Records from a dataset

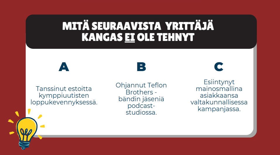 Lokakuu on varsinainen 10v-juhlakuukausi, sillä kuten jo mainitsin: Toteuttamo Verbaali kääri hihat työnteon merkiksi 1.10.2015. Joten oikeat vastaukset paljastetaan lokakuussa yritykseni Facebook-sivuilla yksi kerrallaan. Luvassa ehkä myös pientä tarinointia oikeiden – tai väärien vastausten – inspiroimana. Tulehan taajuuksille: https://www.facebook.com/toteuttamoverbaali.
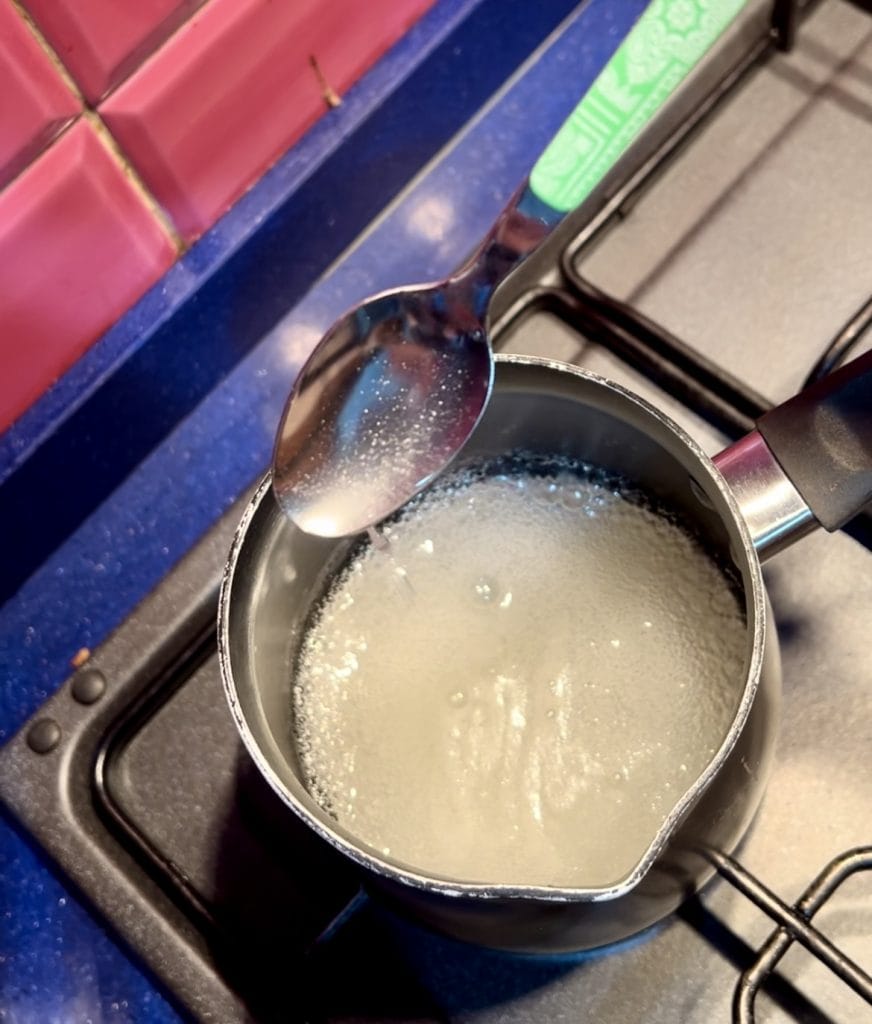 • Coloque quase toda a água na panelinha, reservando um pouco em um copinho de café, que será usada para dissolver o amido. Adicione todo o açúcar à água com algumas gotas de suco de limão e leve ao fogão até ferver.
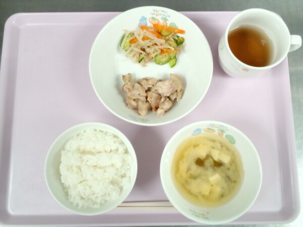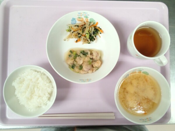 ごはん、鶏肉のみぞれ煮、もやしのナムル、味噌汁 だいこんの根には消化酵素のアミラーゼを含む消化を促進して胃腸のはたらきを整える作用があります。ひげ根の穴が深くないものを選ぶと良いでしょう
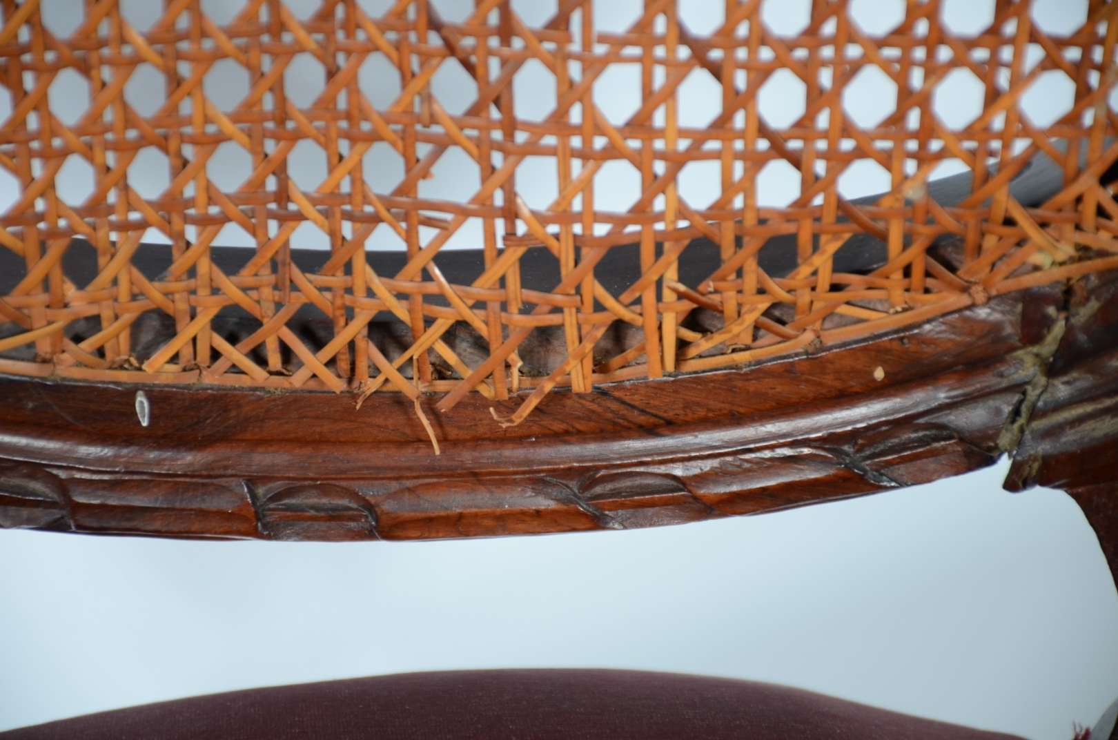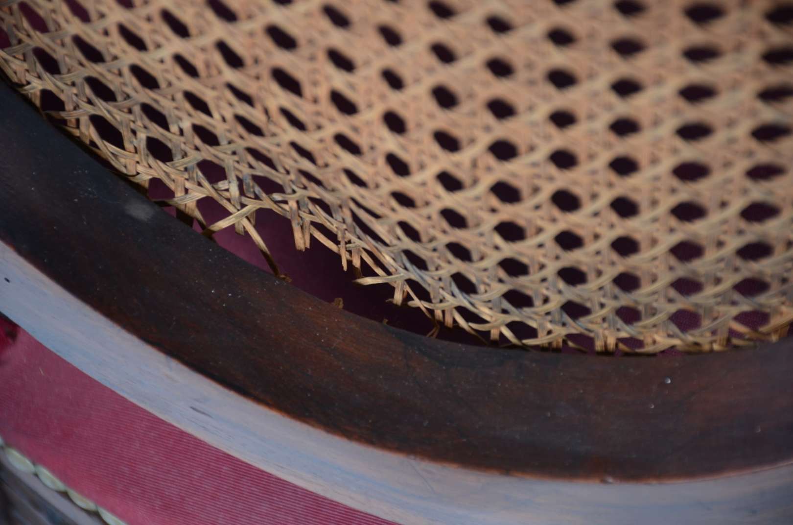 Canapé de jacarandá, encosto recortado com detalhes entalhados, forração de palhinha no assento, laterais e encosto, ...
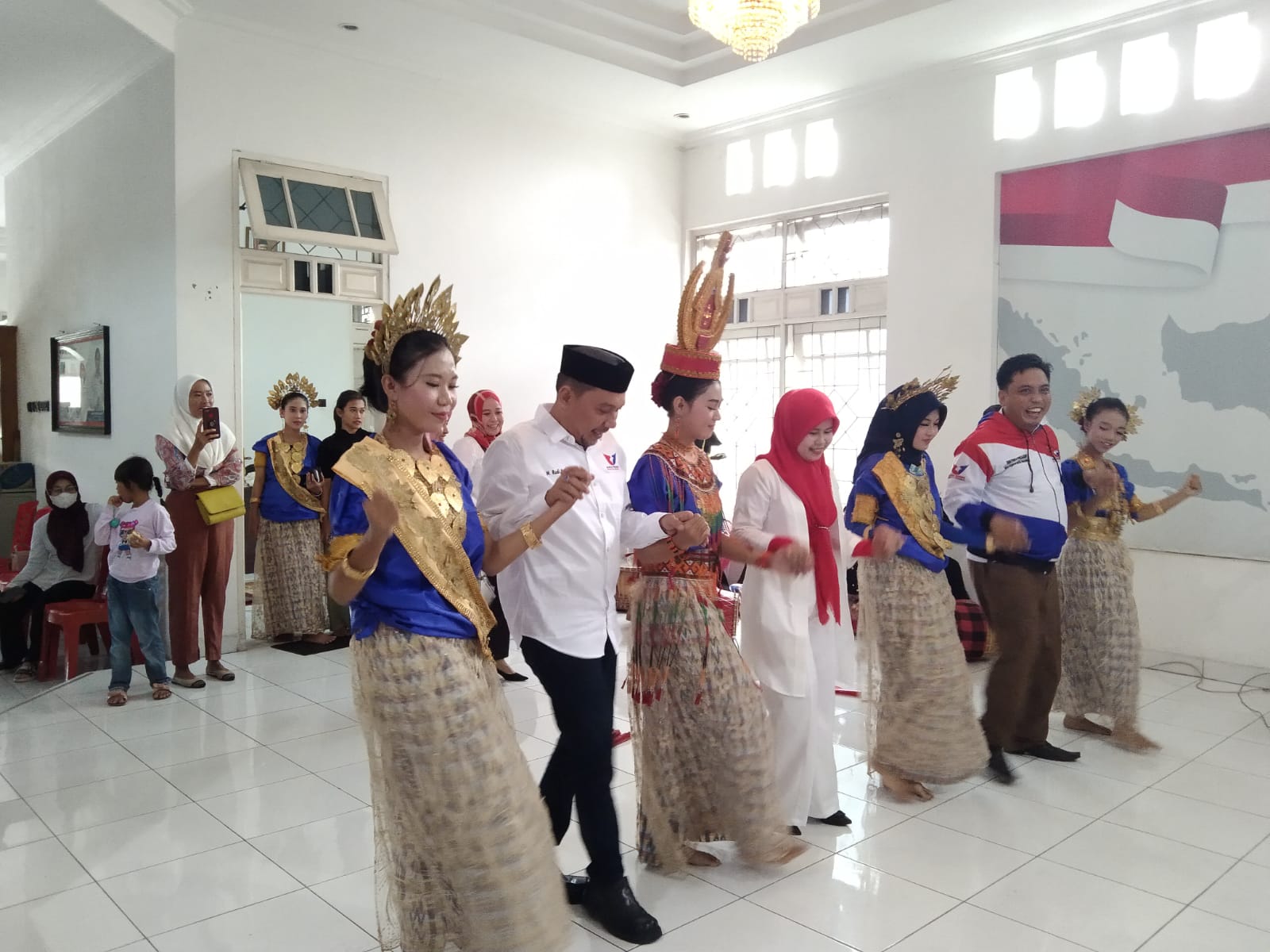 Rombongan pengantar H. Rudi berseragam kaos yang bertuliskan Partai Perindo yang jumlahnya sekira 70 orang. Kedatangan H. Rudi Ramli dan rombongan pengantarnya di sambut dengan tari Paduppa dan Tarian 4 etnis.
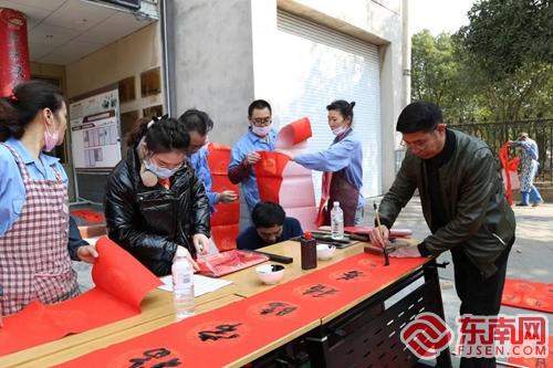 在福建华韵竹木有限公司工会,企业职工拿着一副副寓意喜庆、饱含祝福、充满吉祥的春联,你一嘴我一言开心地说道:“工会关心职工,不用出门,就能免费领到这么漂亮的春联啦,这个送春联活动非常好。”“往年都是去镇上赶集购买春联,书法老师手写的春联比外面买的春联更有年味!”“眼看就要过年了,我正准备上街去买副春联,没想到在这里能免费领到,真好看。”活动现场还有很多职工来到自己喜爱的书法家面前求字,不到三个小时的时间里,书法家们书写了百余副春联,营造出和谐吉祥的新春氛围。
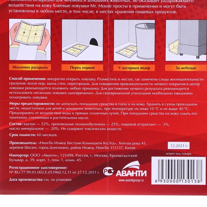 Ловушки Mr. Mouse просты в применении и могут быть установлены где угодно, в том числе и в местах хранения пищевых продуктов. Средство содержит 40 г клея.

→ Prompt:
Pictures stay out of the copy. Reproduce exactly the lines from the one containing "Rombongan pengantar H." through the last line of the records above, both included.

→ Your solution:
 Rombongan pengantar H. Rudi berseragam kaos yang bertuliskan Partai Perindo yang jumlahnya sekira 70 orang. Kedatangan H. Rudi Ramli dan rombongan pengantarnya di sambut dengan tari Paduppa dan Tarian 4 etnis.
 在福建华韵竹木有限公司工会,企业职工拿着一副副寓意喜庆、饱含祝福、充满吉祥的春联,你一嘴我一言开心地说道:“工会关心职工,不用出门,就能免费领到这么漂亮的春联啦,这个送春联活动非常好。”“往年都是去镇上赶集购买春联,书法老师手写的春联比外面买的春联更有年味!”“眼看就要过年了,我正准备上街去买副春联,没想到在这里能免费领到,真好看。”活动现场还有很多职工来到自己喜爱的书法家面前求字,不到三个小时的时间里,书法家们书写了百余副春联,营造出和谐吉祥的新春氛围。
 Ловушки Mr. Mouse просты в применении и могут быть установлены где угодно, в том числе и в местах хранения пищевых продуктов. Средство содержит 40 г клея.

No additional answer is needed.